Efecto Doppler

 

Cierto día levantas la mano, te pones en pie y haces saber al resto de la clase que sabes. A los compañeros, a la profesora; pero, antes que a nadie, a ti mismo. Un silencio expectante y cargado de incredulidad se adueña del espacio: nadie entre los presentes hubiera imaginado que ese muchacho zumbón, dotado de una habilidad especial para el chascarrillo y la bufonada, sería capaz de responder a cuestión alguna; menos aún, de forma voluntaria. Acostumbrado a sumergirte en esa zona del aula desde la que emanan los flujos miasmáticos del desinterés y la burricie —allí donde la profesora hace tiempo renunció a preguntar nada, conformada con que el murmullo habitual no se convierta en griterío— este día has decidido adelantarte, mostrarte a los demás; incluso a ella, sobre todo a ella quien, al saludar esa mañana ha enarcado las cejas y bajado levemente la montura de las gafas para verte, por encima de ellas, sentado en la primera fila. El acto de resituación ha despertado la perplejidad de la “charca” al fondo hasta enmudecerla, lo mismo al resto de la clase. Sentada a su mesa, la profesora ordena sus notas al tiempo que sopesa, desde el rabillo del ojo, tu determinación. La tarde anterior ha dejado en el aire una materia compleja, aquel que sea capaz de exponerla correctamente al resto de compañeros sumará cuatro puntos al examen parcial.

Un instante antes de alzar la mano permaneces resuelto en el pupitre, serio, concentrado; las mandíbulas apretadas, el tronco erguido, la vista al frente.
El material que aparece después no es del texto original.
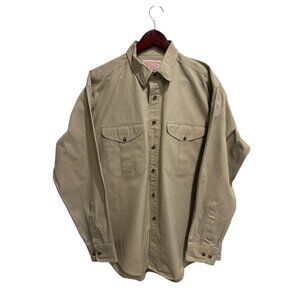 Filson Mens Khaki Work Shirt Button Down Utility Pocket Shirt Large

Has estudiado el tema, lo has resumido y repasado una y otra vez; dicho en voz alta ante el espejo, a fin de ganar aplomo, tratando de evitar cualquier quiebro en la voz capaz de traicionar tu decisión: la definitiva e inamovible resolución de salir, de una vez y para siempre, de la ciénaga.

        Bien. ¿Quién de vosotros sabría explicar —ella hace una pausa dramática y pasea la mirada por la primera fila hasta detenerla en ti—, a los demás, el efecto Doppler? ¿Quién desea ganarse esos cuatro puntos extra?

Alzas la mano y te giras despacio hacia tus compañeros, cuando un gesto de su mano invita:

—Adelante.

 

El vecino se dirige cada jornada al centro de la ciudad. Antes, permanece sentado media hora bajo mi ventana hasta que alguien, cansado de su salmodia, llama a la policía municipal. Esta acude a veces, a veces no; es él quien acaba por marcharse a otra parte con su cantinela. La sucesión de sonidos inconexos, guturales y graves que salen de su boca son bien audibles cuando se acerca, algo menos cuando se aleja. No emite palabras, no se dirige a nadie; acuclillado bajo la marquesina del autobús que le da amparo y hace las veces de involuntario amplificador, semeja una rana sobre un nenúfar. Salvo que aquella deja de croar y se lanza al agua del estanque ante la presencia de otro ser vivo. En cambio, él recuerda a un bebé que comienza a balbucear y repite palabras sin sentido, por el puro placer de escucharse: Roo, aagh, paap, eepep, pronuncia sin descanso, fiii, magh, arppp, rooo, viaja su voz desde la parada a la pared de enfrente donde rebota y colma de sonidos la calle.

        Atrás quedó el tiempo de la culpa —balbuceas— no puedo sentirme responsable de quienes convirtieron en un grumo inconexo tu cerebro—. En el hospital, su madre mencionó entre sollozos que se había propuesto impresionarme, «hacer de aquel un día inolvidable»—.